## WORK TO COMPLETE
What is needed is an exact reproduction of the listing, without its pictures.

## DATASET EXCERPT
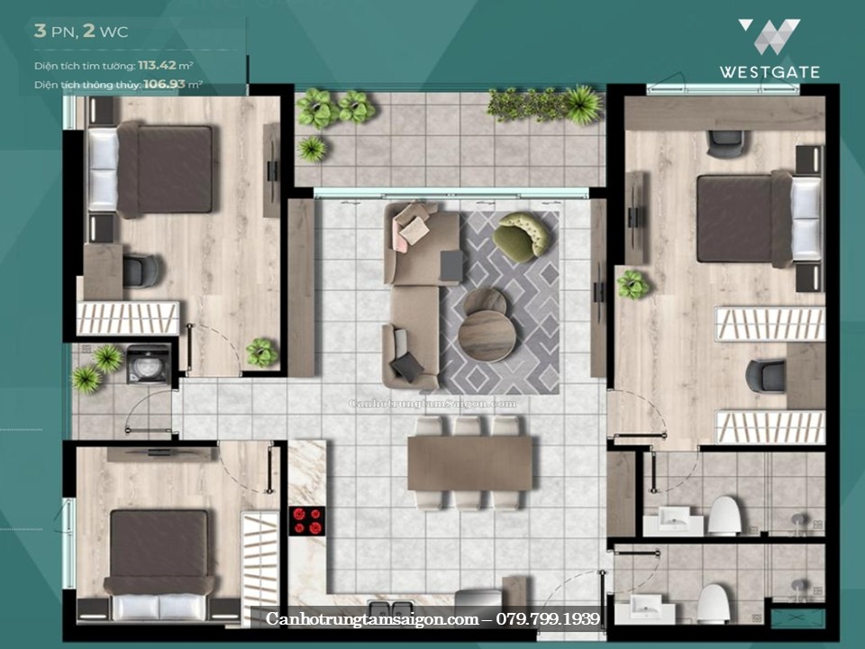 • Căn hộ 3 Phòng ngủ 2 toilet – 114m2 (căn góc)
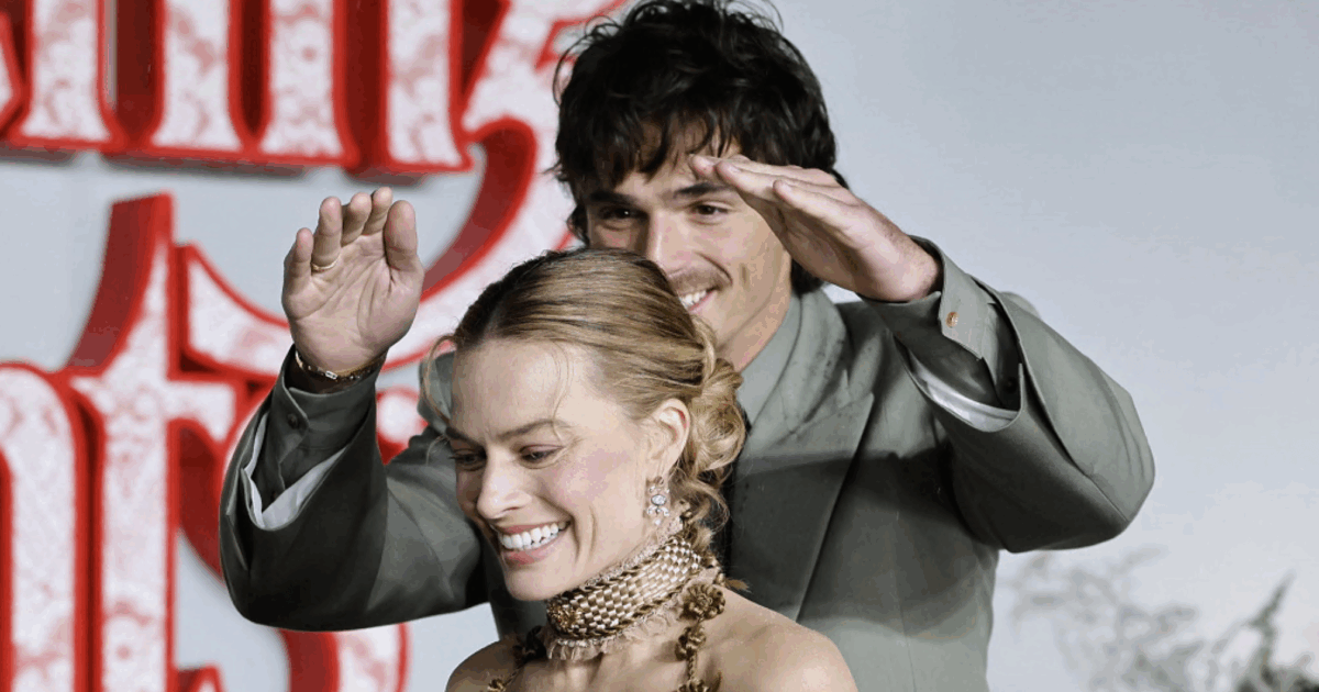 © Ilfattoquotidiano.it - Jacob Elordi si trasforma in “ombrello umano” per Margot Robbie: l’intesa da “Cime Tempestose” al red carpet scatena il gossip (inutilmente)
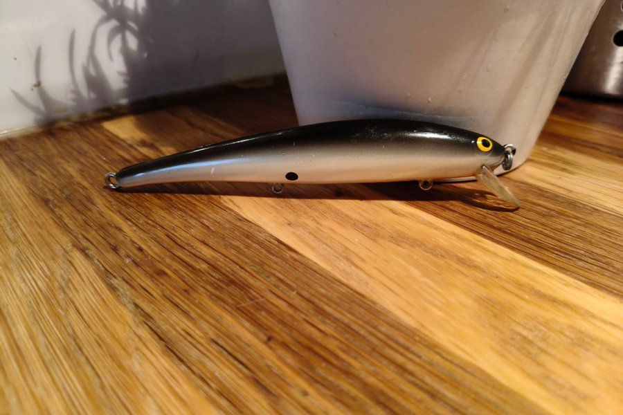Detta fiskedrag har en slank design med en svart och silverfärgad yta. Utrustad med en krok och en ögla för enkel upphängning. Passar för fiske i olika vattenmiljöer.
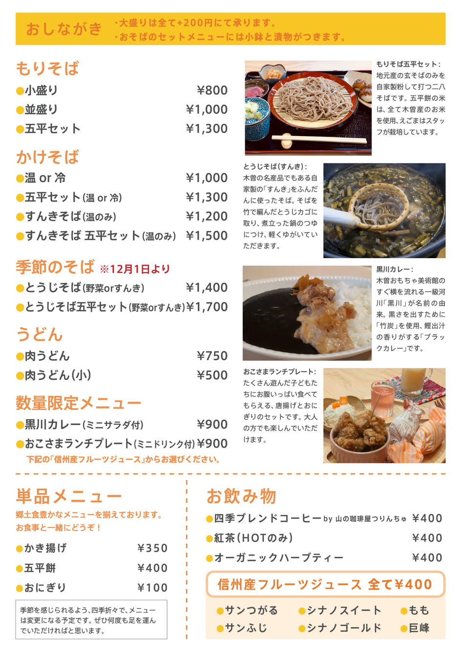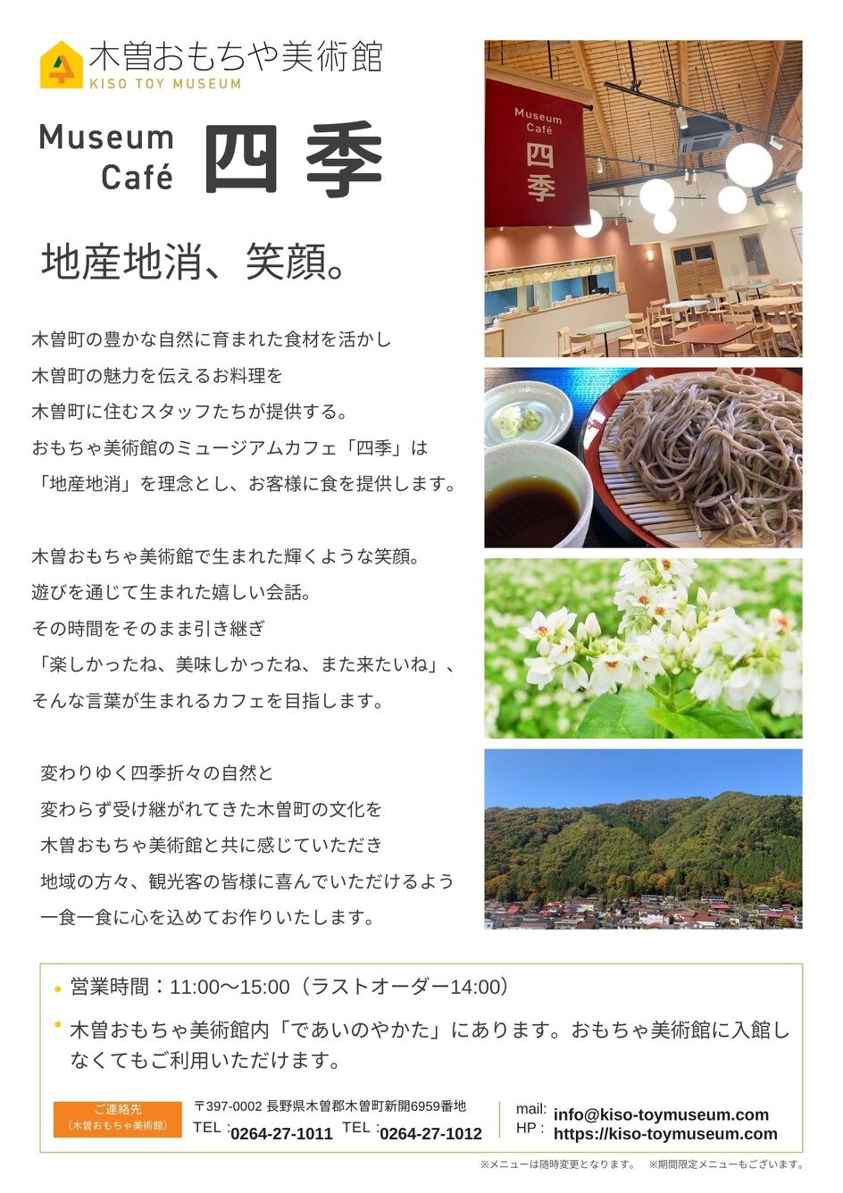 Based on the principle of local production and consumption, we make generous use of ingredients grown in the rich natural environment of Kiso Town.

## WRITTEN ANSWER
 • Căn hộ 3 Phòng ngủ 2 toilet – 114m2 (căn góc)
 © Ilfattoquotidiano.it - Jacob Elordi si trasforma in “ombrello umano” per Margot Robbie: l’intesa da “Cime Tempestose” al red carpet scatena il gossip (inutilmente)
Detta fiskedrag har en slank design med en svart och silverfärgad yta. Utrustad med en krok och en ögla för enkel upphängning. Passar för fiske i olika vattenmiljöer.
 Based on the principle of local production and consumption, we make generous use of ingredients grown in the rich natural environment of Kiso Town.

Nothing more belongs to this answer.